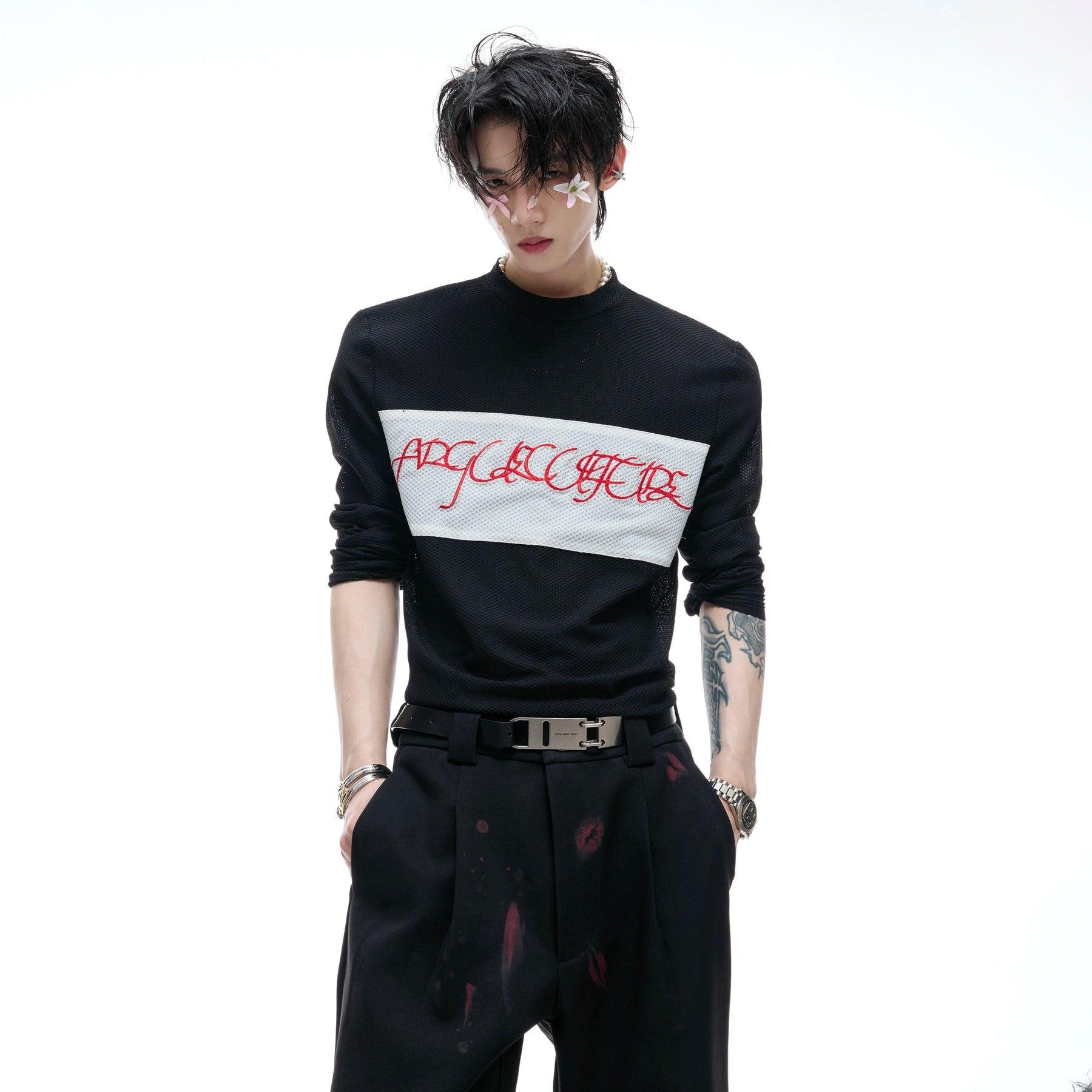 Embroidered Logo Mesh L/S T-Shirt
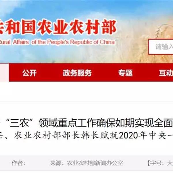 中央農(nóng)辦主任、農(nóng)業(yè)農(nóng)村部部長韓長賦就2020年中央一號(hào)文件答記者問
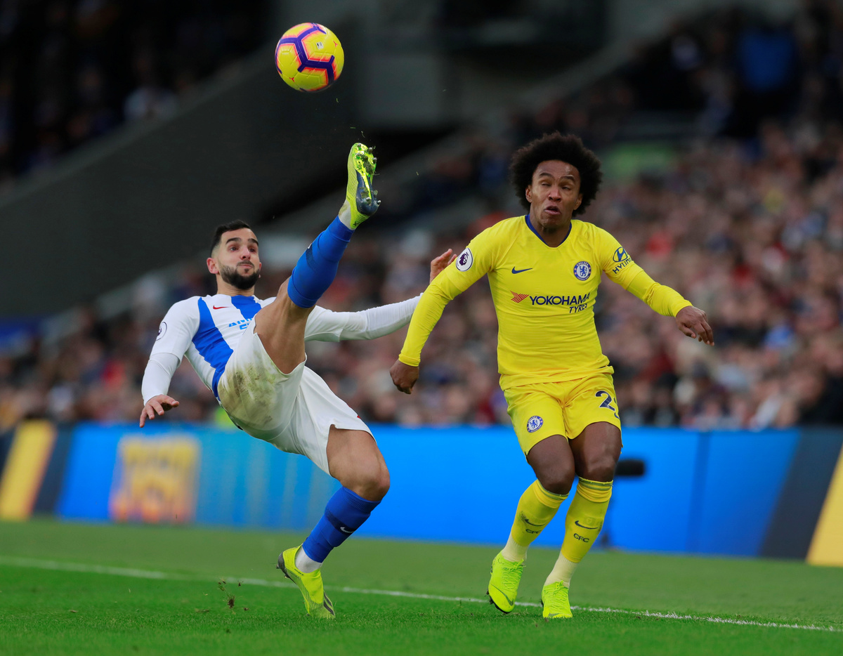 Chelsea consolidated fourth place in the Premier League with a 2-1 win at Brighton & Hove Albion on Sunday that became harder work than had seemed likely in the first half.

WORK ITEM
With the pictures omitted, the material is to be transcribed exactly.

TASK OUTPUT
 Embroidered Logo Mesh L/S T-Shirt
 中央農(nóng)辦主任、農(nóng)業(yè)農(nóng)村部部長韓長賦就2020年中央一號(hào)文件答記者問
 Chelsea consolidated fourth place in the Premier League with a 2-1 win at Brighton & Hove Albion on Sunday that became harder work than had seemed likely in the first half.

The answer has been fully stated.